__ENTRIES SUPPLIED__.
:::::
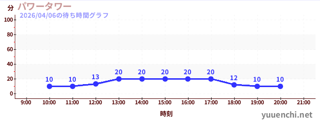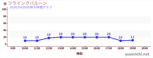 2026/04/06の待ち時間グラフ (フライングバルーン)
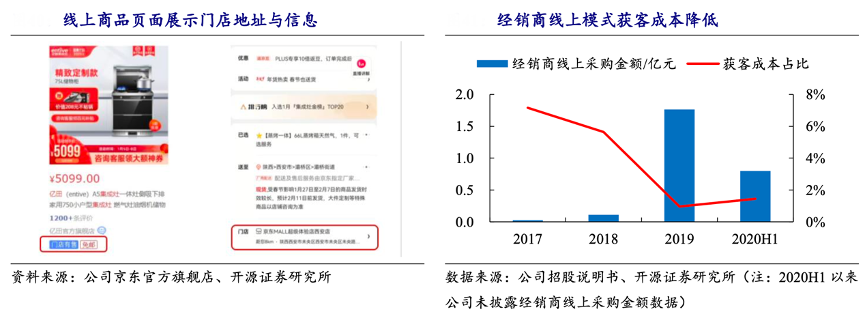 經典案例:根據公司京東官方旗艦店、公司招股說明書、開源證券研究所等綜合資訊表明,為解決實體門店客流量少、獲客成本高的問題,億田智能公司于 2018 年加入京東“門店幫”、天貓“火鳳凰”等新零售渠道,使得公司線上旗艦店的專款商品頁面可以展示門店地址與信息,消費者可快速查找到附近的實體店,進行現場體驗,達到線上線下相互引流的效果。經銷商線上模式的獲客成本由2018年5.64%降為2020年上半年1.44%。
:::::
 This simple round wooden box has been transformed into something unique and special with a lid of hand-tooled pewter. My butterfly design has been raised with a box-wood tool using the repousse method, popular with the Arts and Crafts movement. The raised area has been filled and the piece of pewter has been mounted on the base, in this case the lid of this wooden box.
:::::
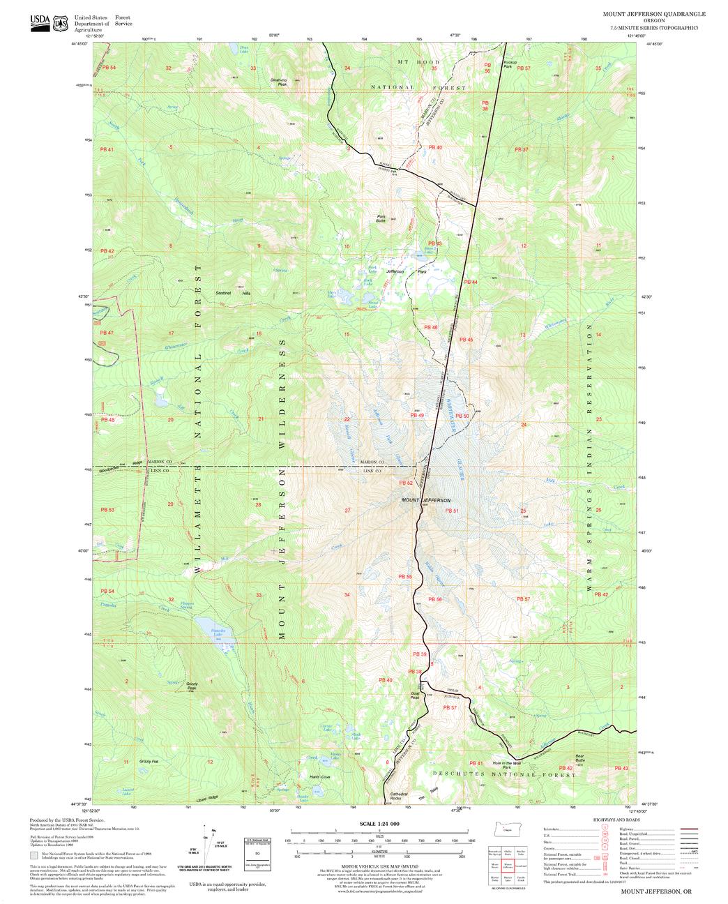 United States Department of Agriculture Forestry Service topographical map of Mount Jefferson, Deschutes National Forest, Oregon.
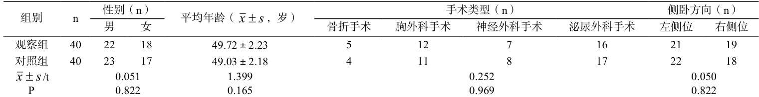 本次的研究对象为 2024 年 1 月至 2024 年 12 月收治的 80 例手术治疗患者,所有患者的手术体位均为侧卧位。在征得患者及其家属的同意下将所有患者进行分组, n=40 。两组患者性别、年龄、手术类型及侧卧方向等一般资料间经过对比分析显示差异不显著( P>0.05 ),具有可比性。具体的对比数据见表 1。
:::::
__EXERCISE BRIEF__. The data above holds the lines to copy: start at the one with "United States Department", stop at the one with "本次的研究对象为 2024 年", include both, copy them exactly without pictures, and copy nothing else.

__REPLY__.
 United States Department of Agriculture Forestry Service topographical map of Mount Jefferson, Deschutes National Forest, Oregon.
 本次的研究对象为 2024 年 1 月至 2024 年 12 月收治的 80 例手术治疗患者,所有患者的手术体位均为侧卧位。在征得患者及其家属的同意下将所有患者进行分组, n=40 。两组患者性别、年龄、手术类型及侧卧方向等一般资料间经过对比分析显示差异不显著( P>0.05 ),具有可比性。具体的对比数据见表 1。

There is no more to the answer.